= The Trust for the Americas =

The Trust for the Americas is a non-profit 501(c)(3) affiliate of the Organization of American States that works to promote economic, social, and political development in Latin America and the Caribbean. Established in 1997, it works through public and private partnerships.

== Programs ==
The Trust's principal initiative, POETA (Partnership for Opportunities in Employment through Technology in the Americas), was launched in 2004 to provide technology training and job placement services to people with disabilities and at-risk youth across Latin America and the Caribbean. By the mid-2000s the program operated more than 60 centers in 11 Latin American and Caribbean countries, supported primarily by Microsoft, which contributed more than $1 million toward the program's expansion, alongside corporate partners including Siemens and DaimlerChrysler.

The organization also administers the DIA (Democratizing Innovation in the Americas) program, which supports entrepreneurship and civic-technology projects.

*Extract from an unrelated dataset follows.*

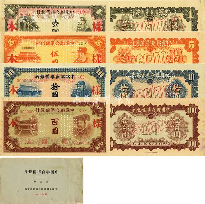 《中国联合准备银行第三版钞票印样》样本1册,内含:大殿孔子图壹圆、大殿岳飞图伍圆、大殿关羽图拾圆、棕大殿右帝百圆样本4全,正背共8枚;海外藏家出品,少见,九八成新

Each year, The Trust presents a Corporate Citizen of the Americas (CCA) award, first given more than 15 years ago, recognizing companies for corporate social responsibility programs in Latin America and the Caribbean.

== Structure ==
The Trust for the Americas is headquartered at the OAS in Washington, D.C., and maintains a legal presence in Colombia and Canada. Its Colombia office has supported the public-information component of the OAS Mission to Support the Peace Process in Colombia (MAPP/OEA) since 2005.